What you need to do -> The response should be an exact transcription of the data below, free of images.

:: Collected material

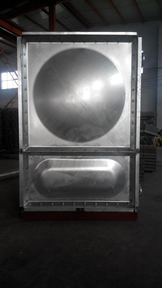 鍍鋅鋼板水箱是采用Q235鋼板,沖壓形成1000*000和1000*500 500*500的標(biāo)準(zhǔn)塊,周邊鉆孔,經(jīng)鍍鋅處理,現(xiàn)場進(jìn)行組裝,組裝時(shí)標(biāo)準(zhǔn)塊之間硅膠密封,螺栓連接。該水箱制造、安裝均不受土建施工影響,不用焊接設(shè)備,表面采用熱鋅防腐處理,美觀,以免水質(zhì)二次污染,并符合建筑產(chǎn)品標(biāo)準(zhǔn)化、系列化、工廠化要求。’
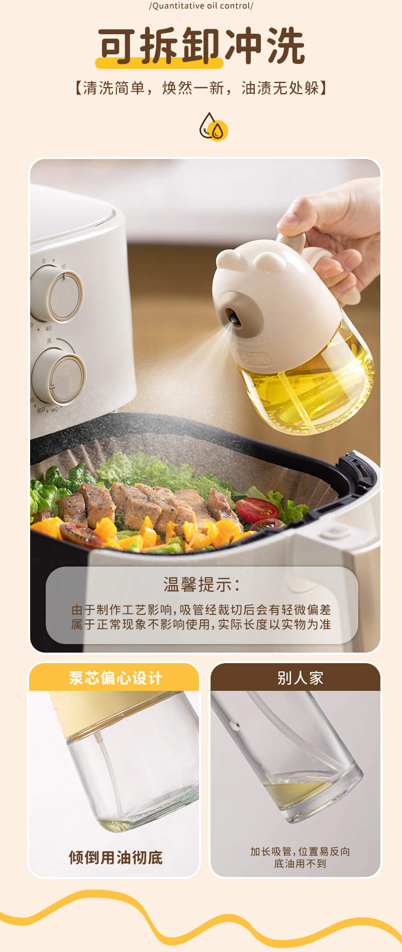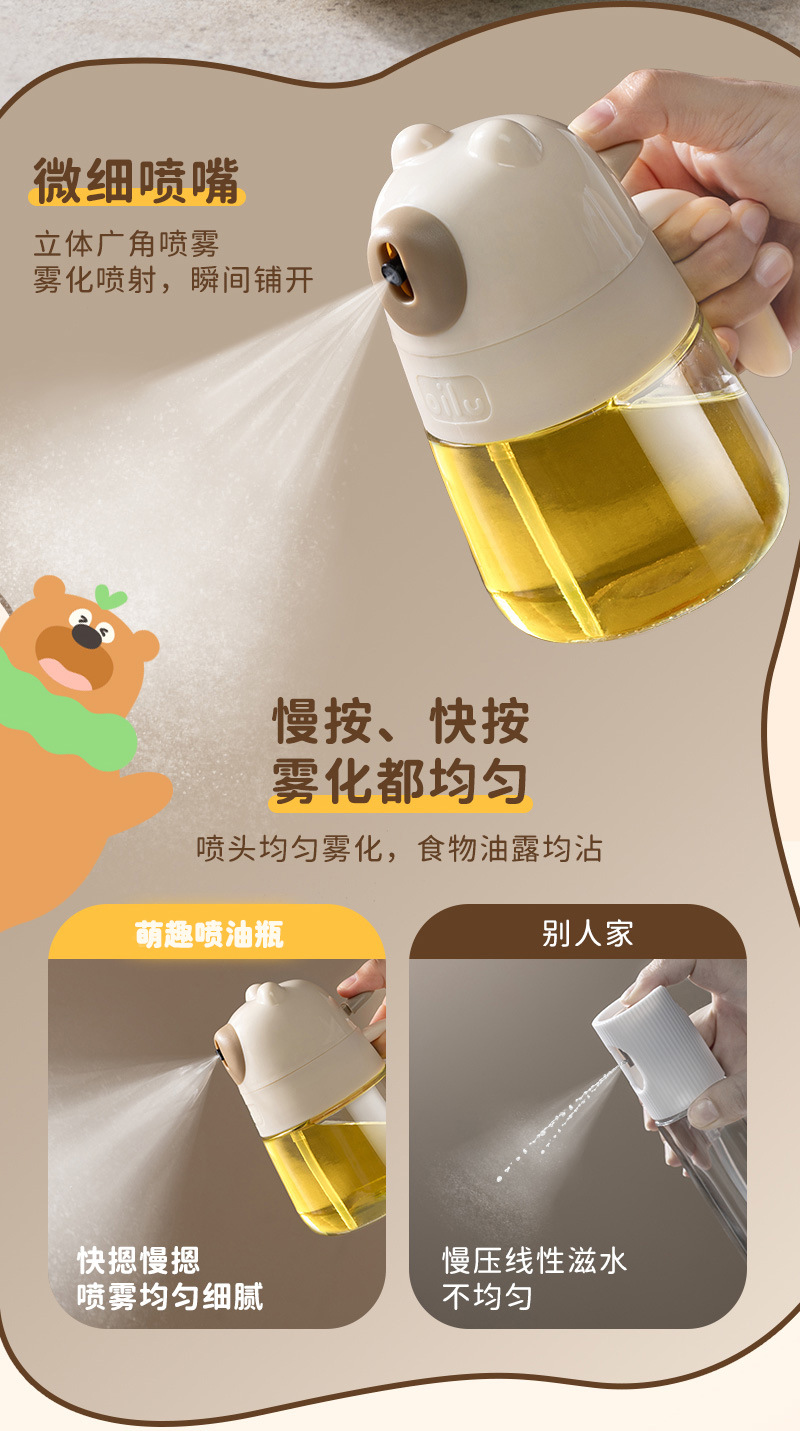 クマオイルスプレーボトルガラスキッチン家庭用エアフライヤーオイルスプレーボトル食用油スプレーボトル霧化ミストオイルタンク
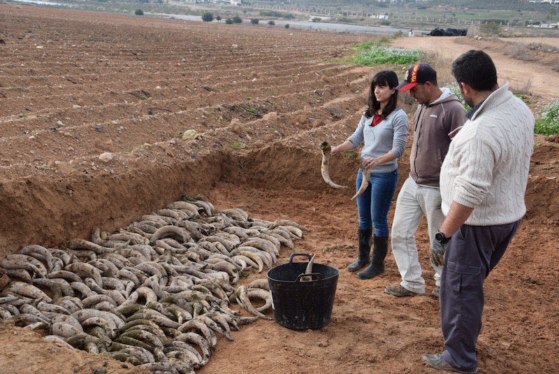 La técnico agrícola dirige la disposición de los cuernos para su enterramiento, que no debe ser muy profundo, pero sí a salvo de la lluvia y los encharcamientos.

::::

Answer to the problem ->
 鍍鋅鋼板水箱是采用Q235鋼板,沖壓形成1000*000和1000*500 500*500的標(biāo)準(zhǔn)塊,周邊鉆孔,經(jīng)鍍鋅處理,現(xiàn)場進(jìn)行組裝,組裝時(shí)標(biāo)準(zhǔn)塊之間硅膠密封,螺栓連接。該水箱制造、安裝均不受土建施工影響,不用焊接設(shè)備,表面采用熱鋅防腐處理,美觀,以免水質(zhì)二次污染,并符合建筑產(chǎn)品標(biāo)準(zhǔn)化、系列化、工廠化要求。’
 クマオイルスプレーボトルガラスキッチン家庭用エアフライヤーオイルスプレーボトル食用油スプレーボトル霧化ミストオイルタンク
 La técnico agrícola dirige la disposición de los cuernos para su enterramiento, que no debe ser muy profundo, pero sí a salvo de la lluvia y los encharcamientos.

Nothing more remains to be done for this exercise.